Liz Parry, 62, who used to babysit Mr Williamson, happened across the post and from there, a phone call was set up between the pair on Friday.
Ms Parry, who now lives in Iver, Buckinghamshire, and is retired, told PA that as soon as she saw the picture, she recognised both Mr Williamson and his father as she lived next door to them on Hylton Road, High Wycombe, for about two to three years.
“I used to help the family out by babysitting them and we’d spend time together at games evenings or would have drinks together,” she said.
She said Mr Williamson’s late father was always on the lookout for a “good deal to give the family a good home”.
She added when Mr Williamson was a baby, he was “lovely”.
“He was always happy and laughing and smiling and wanting to play,” she added.
“He was a really happy little baby.”
She said the conversation with him on Friday was a “lovely” way to catch up after so many years.

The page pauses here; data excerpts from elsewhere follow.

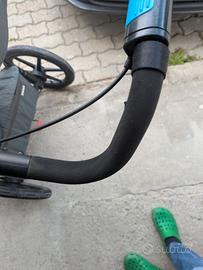 Facile da manovrare, grazie alla ruota anteriore piroettante che si blocca per fare jogging, e alle ruote posteriori da 16”.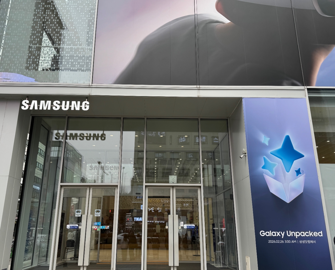 24일 삼성스토어 서울 홍대점 외벽에 26일 개막하는 갤럭시 언팩 행사 관련 포스터가 내걸려 있다. 사진=최유경 기자이미지 확대보기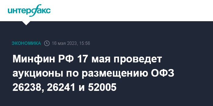 Минфин РФ 17 мая проведет аукционы по размещению ОФЗ 26238, 26241 и 52005
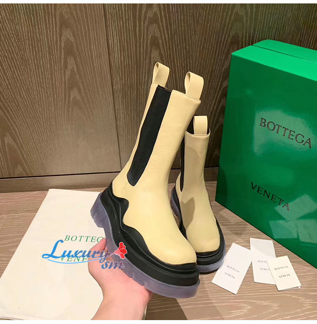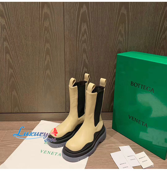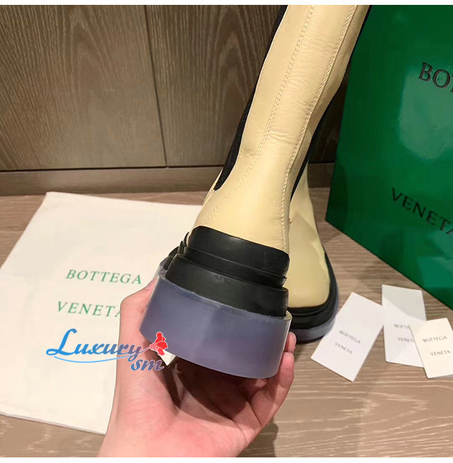 BOTTEGA VENETA-630297 보테가 베네타 버터/블랙 송아지 가죽 BV 타이어 부츠 여성용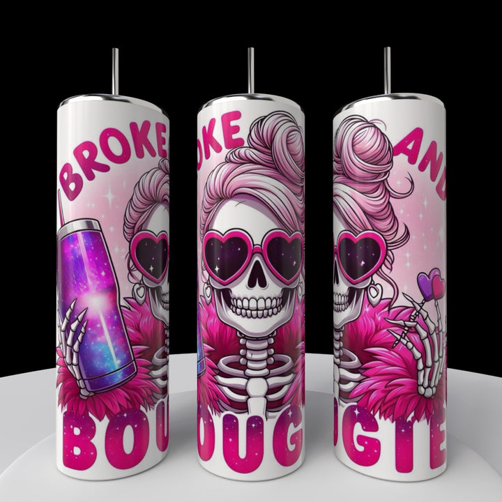 The Kinda Boujee But Broke 20oz Tumbler by Kreative Kreationz features a cartoon skeleton with pink sunglasses and a fur coat holding a sparkly cup, plus bold "Broke and Bougie" text on a glittery pink background—perfect for Halloween!.

“That little baby that I used to look after is now in his 40s and has his own children,” she said.
“It’s nice to see how well he is doing now as well because I wondered what happened to the family after they left (the area) after Ian’s passing.”
Mr Williamson said: “The chat on the phone was nice.

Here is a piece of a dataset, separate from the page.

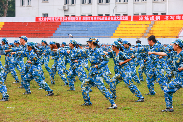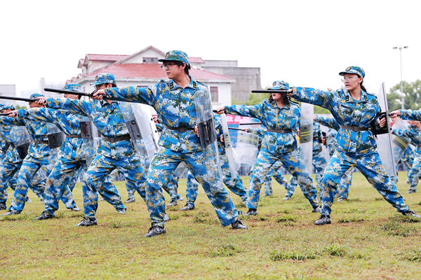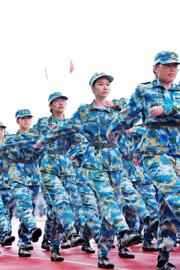 军训会操环节,形式多元,异彩纷呈。匕首操方队果敢干练,精准利落,以昂扬姿态书写青春豪迈;战术及战伤救护方队,反应迅速,技能娴熟,每一个动作都是速度与力量的双重考验;军棍盾牌术方队盾列如山,棍出如龙,以挺拔身影呈现攻防之势;军体拳方队迷彩加身,气宇轩昂,用青年力量诠释热血担当;分列式连队动作整齐,口号响亮,彰显了同学们的凝聚力与精神气。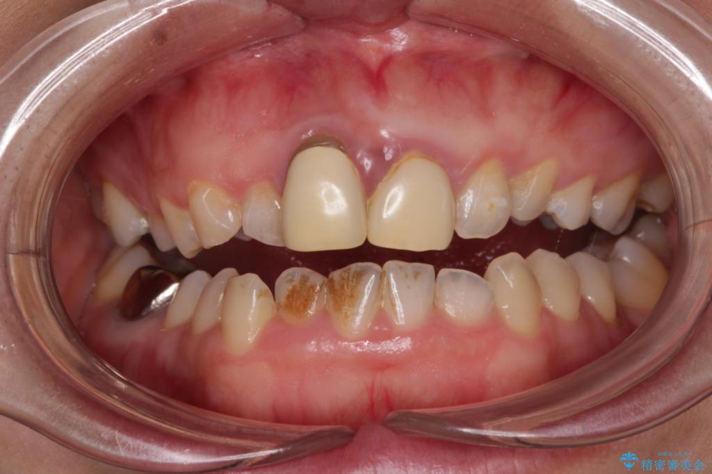 - 前歯のデコボコと、着色が著しい保険診療の前歯クラウンを気にして来院された患者様です。

“I found out he was a bit of a Del Boy character, he was always looking for a way to make a business and was only 23 when he died.”
“I didn’t really know that he was my father until I was 10 – when I stumbled upon a bunch of documents in the attic while playing with a Scalectrix car toy – and so I didn’t really have any memory of him to be able to build a persona of who my father used to be.
“I have two of my own kids now, so can talk to them about stories about their grandad – it just gives you a sense of closure.”
Mr Williamson said it was “nice” to see Facebook lead to something “positive”.
“Everyone who replied was very encouraging and it showed that High Wycombe is a very nice place to be and the people that lived there had fond memories.”